What you should do:
Some of the lines below need repeating. Reproduce exactly those between the lines holding "With a large" and "Healing of the", inclusive.

Records to process:
%%

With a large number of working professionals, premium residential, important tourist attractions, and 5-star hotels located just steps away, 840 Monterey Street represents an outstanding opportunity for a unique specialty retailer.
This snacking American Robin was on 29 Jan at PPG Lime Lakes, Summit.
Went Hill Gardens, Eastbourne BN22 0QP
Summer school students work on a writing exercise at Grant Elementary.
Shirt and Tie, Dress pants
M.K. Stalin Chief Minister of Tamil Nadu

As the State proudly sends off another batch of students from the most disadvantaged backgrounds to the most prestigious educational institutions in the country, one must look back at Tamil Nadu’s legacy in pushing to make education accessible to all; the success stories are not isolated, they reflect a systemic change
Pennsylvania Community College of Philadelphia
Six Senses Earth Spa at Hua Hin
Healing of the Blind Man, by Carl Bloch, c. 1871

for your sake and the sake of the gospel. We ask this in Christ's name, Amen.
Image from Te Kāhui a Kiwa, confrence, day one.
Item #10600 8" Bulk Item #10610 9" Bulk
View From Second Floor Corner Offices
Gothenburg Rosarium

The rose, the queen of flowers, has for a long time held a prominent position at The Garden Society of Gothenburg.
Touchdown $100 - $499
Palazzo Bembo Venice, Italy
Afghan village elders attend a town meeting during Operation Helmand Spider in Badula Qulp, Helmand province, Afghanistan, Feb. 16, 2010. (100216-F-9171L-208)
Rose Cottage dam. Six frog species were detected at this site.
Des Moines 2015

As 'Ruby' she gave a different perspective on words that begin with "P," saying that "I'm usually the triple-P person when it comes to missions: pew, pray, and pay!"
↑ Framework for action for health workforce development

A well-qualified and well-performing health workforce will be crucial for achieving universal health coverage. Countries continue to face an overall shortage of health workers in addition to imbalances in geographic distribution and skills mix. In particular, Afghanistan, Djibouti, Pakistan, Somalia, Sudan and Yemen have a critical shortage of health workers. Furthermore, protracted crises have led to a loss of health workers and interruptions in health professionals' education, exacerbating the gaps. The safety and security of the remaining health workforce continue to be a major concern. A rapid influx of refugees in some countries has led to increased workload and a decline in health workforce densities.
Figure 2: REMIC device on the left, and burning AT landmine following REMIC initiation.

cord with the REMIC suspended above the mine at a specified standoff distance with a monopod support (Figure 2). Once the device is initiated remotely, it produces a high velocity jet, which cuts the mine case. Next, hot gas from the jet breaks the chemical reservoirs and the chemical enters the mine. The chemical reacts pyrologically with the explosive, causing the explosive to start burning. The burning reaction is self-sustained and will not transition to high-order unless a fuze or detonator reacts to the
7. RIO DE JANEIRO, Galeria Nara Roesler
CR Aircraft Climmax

%%
%%

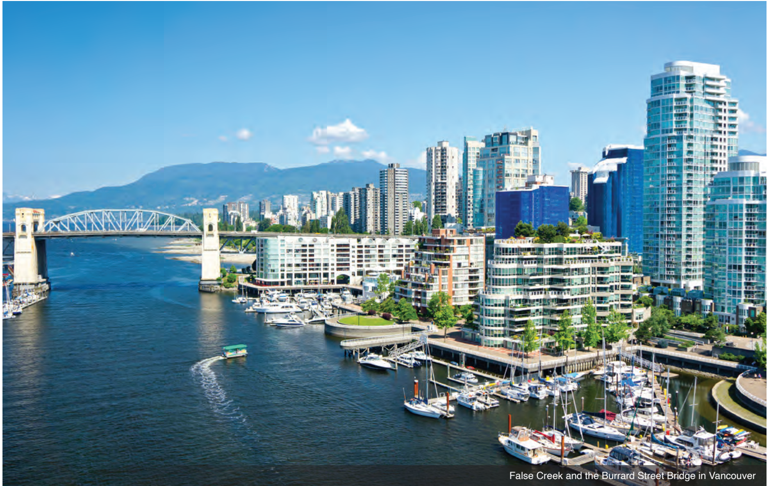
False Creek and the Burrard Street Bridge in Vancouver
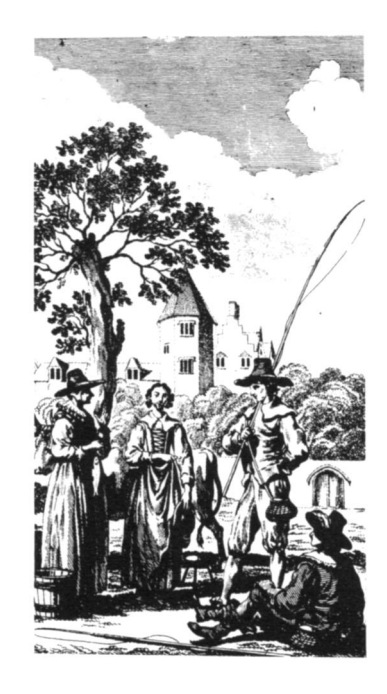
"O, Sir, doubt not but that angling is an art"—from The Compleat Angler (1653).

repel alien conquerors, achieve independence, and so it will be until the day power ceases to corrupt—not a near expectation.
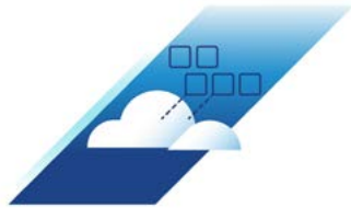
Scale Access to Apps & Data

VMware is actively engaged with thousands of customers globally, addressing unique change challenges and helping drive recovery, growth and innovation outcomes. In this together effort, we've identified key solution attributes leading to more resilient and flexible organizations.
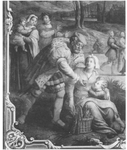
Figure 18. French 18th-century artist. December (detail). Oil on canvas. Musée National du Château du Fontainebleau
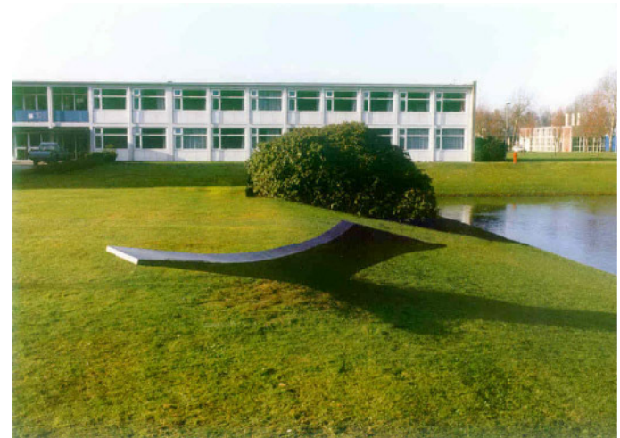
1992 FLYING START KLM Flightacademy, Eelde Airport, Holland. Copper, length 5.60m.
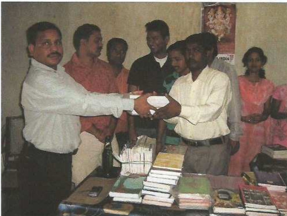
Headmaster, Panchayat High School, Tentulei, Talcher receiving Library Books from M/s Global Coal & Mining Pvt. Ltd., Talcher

%%

Output below:
With a large number of working professionals, premium residential, important tourist attractions, and 5-star hotels located just steps away, 840 Monterey Street represents an outstanding opportunity for a unique specialty retailer.
This snacking American Robin was on 29 Jan at PPG Lime Lakes, Summit.
Went Hill Gardens, Eastbourne BN22 0QP
Summer school students work on a writing exercise at Grant Elementary.
Shirt and Tie, Dress pants
M.K. Stalin Chief Minister of Tamil Nadu

As the State proudly sends off another batch of students from the most disadvantaged backgrounds to the most prestigious educational institutions in the country, one must look back at Tamil Nadu’s legacy in pushing to make education accessible to all; the success stories are not isolated, they reflect a systemic change
Pennsylvania Community College of Philadelphia
Six Senses Earth Spa at Hua Hin
Healing of the Blind Man, by Carl Bloch, c. 1871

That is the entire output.